▸ **Goal of the exercise**
A single figure is wanted: the count of lines below containing the string "Ukraine".

▸ **Data supplied**

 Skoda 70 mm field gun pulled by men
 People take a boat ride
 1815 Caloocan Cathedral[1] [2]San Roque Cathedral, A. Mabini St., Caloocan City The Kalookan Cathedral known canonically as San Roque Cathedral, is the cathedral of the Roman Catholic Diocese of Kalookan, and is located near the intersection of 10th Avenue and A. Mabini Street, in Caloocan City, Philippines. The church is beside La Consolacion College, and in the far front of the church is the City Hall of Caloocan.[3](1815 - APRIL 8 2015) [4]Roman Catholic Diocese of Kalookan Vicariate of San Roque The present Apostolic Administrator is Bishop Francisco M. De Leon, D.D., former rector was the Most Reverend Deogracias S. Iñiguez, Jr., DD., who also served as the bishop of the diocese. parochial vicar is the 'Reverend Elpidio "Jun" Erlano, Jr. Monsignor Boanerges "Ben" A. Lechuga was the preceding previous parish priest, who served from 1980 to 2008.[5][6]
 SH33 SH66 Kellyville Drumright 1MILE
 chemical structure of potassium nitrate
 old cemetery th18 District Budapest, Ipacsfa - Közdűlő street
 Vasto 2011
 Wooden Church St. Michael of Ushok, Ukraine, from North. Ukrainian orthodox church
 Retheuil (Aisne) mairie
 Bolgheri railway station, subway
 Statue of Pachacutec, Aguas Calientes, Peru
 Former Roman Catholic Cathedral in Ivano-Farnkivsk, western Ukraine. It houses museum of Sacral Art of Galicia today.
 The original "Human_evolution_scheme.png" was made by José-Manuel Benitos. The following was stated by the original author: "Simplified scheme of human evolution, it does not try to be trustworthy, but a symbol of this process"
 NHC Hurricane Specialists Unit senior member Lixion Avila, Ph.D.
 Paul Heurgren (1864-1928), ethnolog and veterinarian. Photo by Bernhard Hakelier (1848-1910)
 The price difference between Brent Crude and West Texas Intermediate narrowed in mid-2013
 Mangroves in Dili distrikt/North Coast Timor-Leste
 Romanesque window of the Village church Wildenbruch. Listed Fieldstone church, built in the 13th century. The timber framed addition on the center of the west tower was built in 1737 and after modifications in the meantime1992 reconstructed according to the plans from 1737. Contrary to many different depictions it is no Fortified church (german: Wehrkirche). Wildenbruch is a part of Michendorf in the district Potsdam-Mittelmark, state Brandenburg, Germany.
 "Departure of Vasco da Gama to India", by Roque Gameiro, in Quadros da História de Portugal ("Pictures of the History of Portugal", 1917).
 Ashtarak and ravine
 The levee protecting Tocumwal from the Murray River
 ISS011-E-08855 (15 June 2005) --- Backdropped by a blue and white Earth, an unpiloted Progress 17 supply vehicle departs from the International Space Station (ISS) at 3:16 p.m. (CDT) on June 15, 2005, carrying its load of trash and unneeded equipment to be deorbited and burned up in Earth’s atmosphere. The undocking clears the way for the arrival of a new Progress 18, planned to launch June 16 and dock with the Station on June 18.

▸ **Output of the task**
2